Его главной реакцией было недоумение. Еще вчера такое было невозможно, это было столь же невероятно, как падение неба на землю, и вся череда чувств отразилась на лице монаха.

Его схватили, грубо, за шиворот, почти сбив с ног, потащили в сторону самого большого из домов монастыря, к трапезной. Мои вольные побежали по домам, пинками распахивая незапертые двери и вытаскивая растерянных и испуганных монахов.

– Всех туда, – показывал я на распахнутые двери трапезной. – Ниган, караул выставь!

Невысокий коренастый вольный с рыжей бородой, по имени Балк, тащил мимо высокого худого старика в таком же буром, как у всех остальных, балахоне.

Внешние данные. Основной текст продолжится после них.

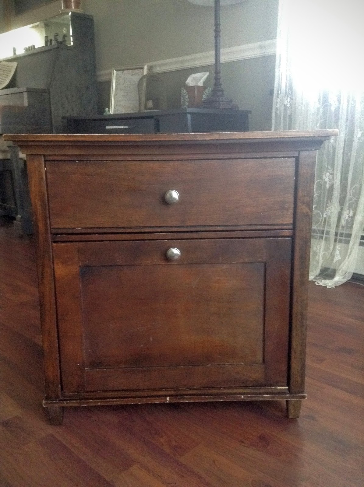 The dresser is in dire need of refinishing and it is on the short list of things I want to do in the house soon. It was a thrift store purchase by a friend who then handed it down to us when she moved so it is old and worn and looks awful in it's current condition, but I think it has some potential.

Привлек мое внимание большой бронзовый знак Воды и Огня, свисавший с его шеи. Жестом остановив Балка и отослав его дальше, спросил у старика:

– Отец-настоятель?

Тот лишь кивнул, вежливо и со сдержанным достоинством, затем спросил в свою очередь:

– Что понадобилось армии валашского правителя от малого монастыря, упрятанного между гор?

– От монастыря? – переспросил я. – От монастыря ничего не понадобилось, нам нужны лишь ваши стены и окна, ненадолго. Вреда мы вам не причиним.

– Вы уже причинили, – сказал тот, пристально взглянув мне в глаза. – Вы вошли сюда силой и оружием, вы подняли руку на братьев.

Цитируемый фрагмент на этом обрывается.